■ About this task:
Write out the entries below exactly, but only from the line containing "An AI generated" through the line containing "第一是數字化業務系統支撐不夠", and without the pictures.

■ Dataset records:

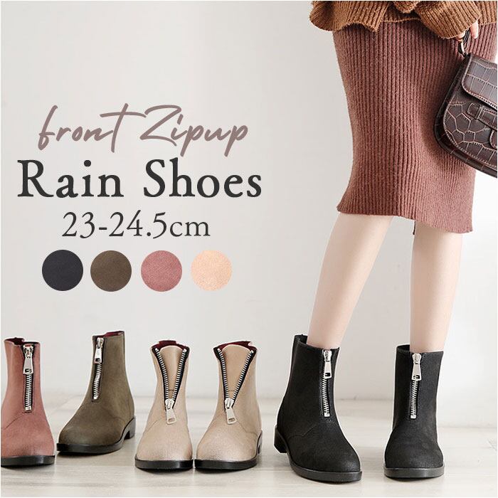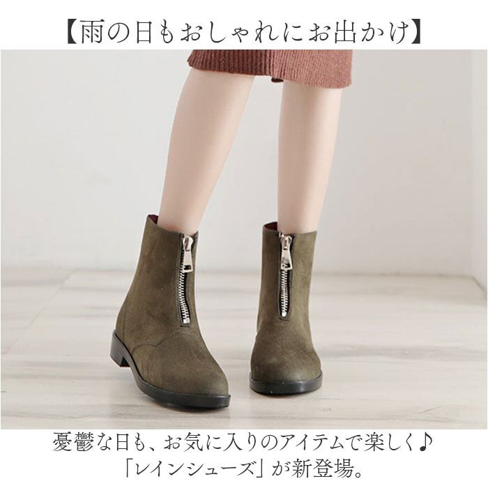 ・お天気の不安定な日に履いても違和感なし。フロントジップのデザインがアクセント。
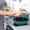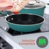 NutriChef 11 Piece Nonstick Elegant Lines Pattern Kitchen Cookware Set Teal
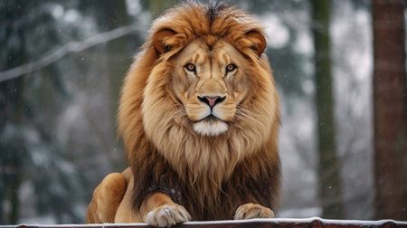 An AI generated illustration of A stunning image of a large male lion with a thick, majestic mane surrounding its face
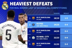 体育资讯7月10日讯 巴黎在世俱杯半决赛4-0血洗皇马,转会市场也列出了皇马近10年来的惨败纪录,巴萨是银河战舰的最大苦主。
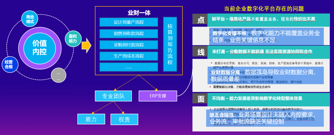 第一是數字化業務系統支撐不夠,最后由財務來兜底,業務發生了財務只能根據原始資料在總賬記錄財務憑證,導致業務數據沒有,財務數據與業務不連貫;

...

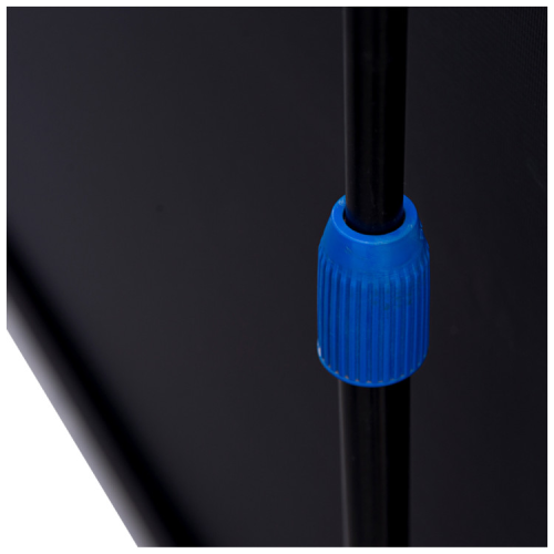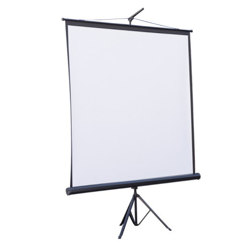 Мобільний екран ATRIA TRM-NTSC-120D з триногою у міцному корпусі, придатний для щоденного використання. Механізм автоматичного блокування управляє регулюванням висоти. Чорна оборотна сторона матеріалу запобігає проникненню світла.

■ Exercise answer:
 An AI generated illustration of A stunning image of a large male lion with a thick, majestic mane surrounding its face
 体育资讯7月10日讯 巴黎在世俱杯半决赛4-0血洗皇马,转会市场也列出了皇马近10年来的惨败纪录,巴萨是银河战舰的最大苦主。
 第一是數字化業務系統支撐不夠,最后由財務來兜底,業務發生了財務只能根據原始資料在總賬記錄財務憑證,導致業務數據沒有,財務數據與業務不連貫;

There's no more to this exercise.